PROBLEM DESCRIPTION — Word for word, transcribe the listing that follows, minus any pictures.

MATERIAL PROVIDED —

■ ■ ■ ■ ■ ■ ■

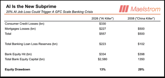 This is a dramatic chain of events: AI job losses lead to credit losses, which cause bank stress, which forces the central bank to expand money supply, which lifts Bitcoin.
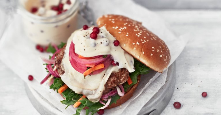 Paista burgerpihvi pannulla tai grillissä. Mausta suolalla ja pippurilla. Lisää loppuvaiheessa runsaasti juustoa pihvin päälle ja anna sen sulaa.
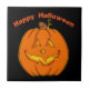 Cute, smiling pumpkin with message, "Happy Halloween" is featured on this ceramic holiday tile. Use as a coaster, trivet, or Halloween decoration, makes a great gift for Fall, birthdays or the office too!
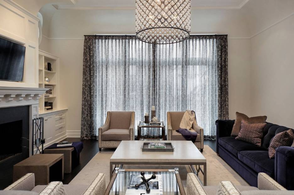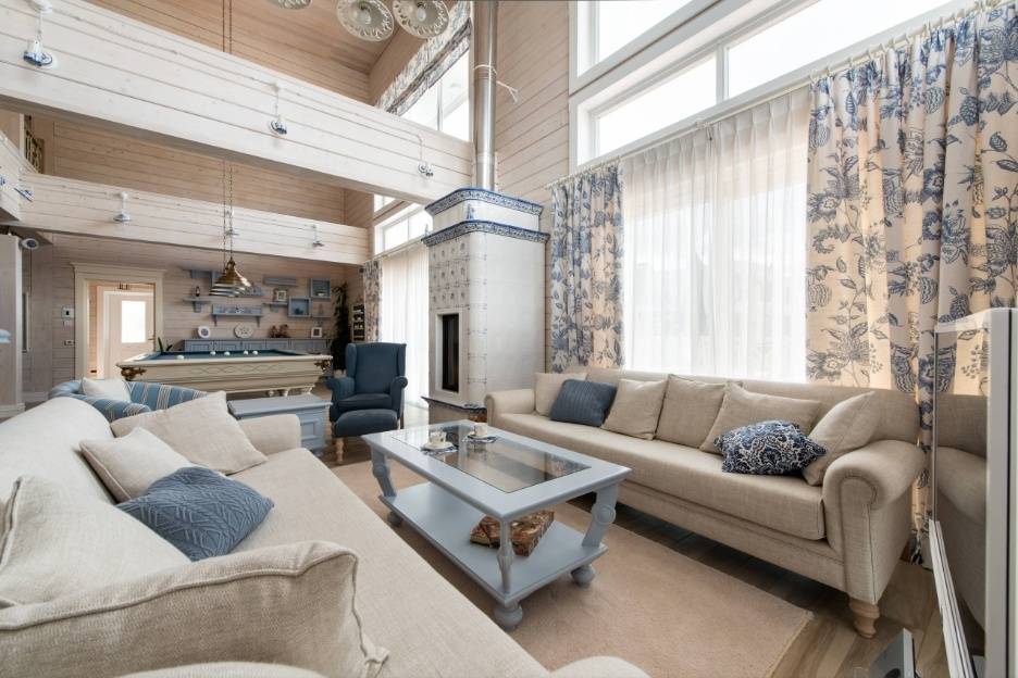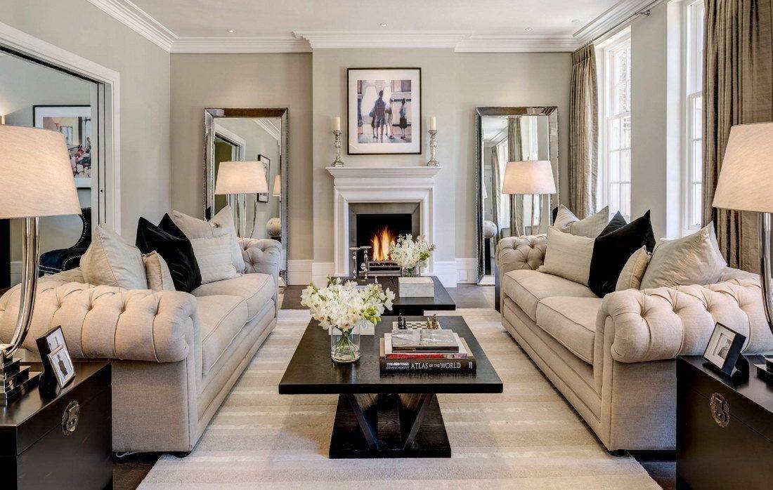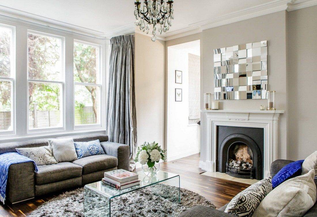 В целом можно сказать, что гостиная в большом доме просто создана для реализации интересных идей по ее оформлению. Речь идет не только о базовом наборе мебели, но и более интересных акцентах. К примеру, журнальный столик может быть выполнен из необычных материалов или в оригинальной форме. Многие и вовсе предпочитают сделать его самостоятельно. В качестве декора можно использовать совершенно разные предметы. Над камином отлично смотрится небольшая деревянная полка для книг или семейных настольных игр. При желании на ней также можно разместить памятные фотографии или же интересные фигурки. Особенно красиво над камином выглядит зеркало. Также в гостиной всегда уместными будут большие растения в горшках или вазах. Они добавляют нотку свежести в общий интерьер.

■ ■ ■ ■ ■ ■ ■

ANSWER TO THE PROBLEM —
 This is a dramatic chain of events: AI job losses lead to credit losses, which cause bank stress, which forces the central bank to expand money supply, which lifts Bitcoin.
 Paista burgerpihvi pannulla tai grillissä. Mausta suolalla ja pippurilla. Lisää loppuvaiheessa runsaasti juustoa pihvin päälle ja anna sen sulaa.
 Cute, smiling pumpkin with message, "Happy Halloween" is featured on this ceramic holiday tile. Use as a coaster, trivet, or Halloween decoration, makes a great gift for Fall, birthdays or the office too!
 В целом можно сказать, что гостиная в большом доме просто создана для реализации интересных идей по ее оформлению. Речь идет не только о базовом наборе мебели, но и более интересных акцентах. К примеру, журнальный столик может быть выполнен из необычных материалов или в оригинальной форме. Многие и вовсе предпочитают сделать его самостоятельно. В качестве декора можно использовать совершенно разные предметы. Над камином отлично смотрится небольшая деревянная полка для книг или семейных настольных игр. При желании на ней также можно разместить памятные фотографии или же интересные фигурки. Особенно красиво над камином выглядит зеркало. Также в гостиной всегда уместными будут большие растения в горшках или вазах. Они добавляют нотку свежести в общий интерьер.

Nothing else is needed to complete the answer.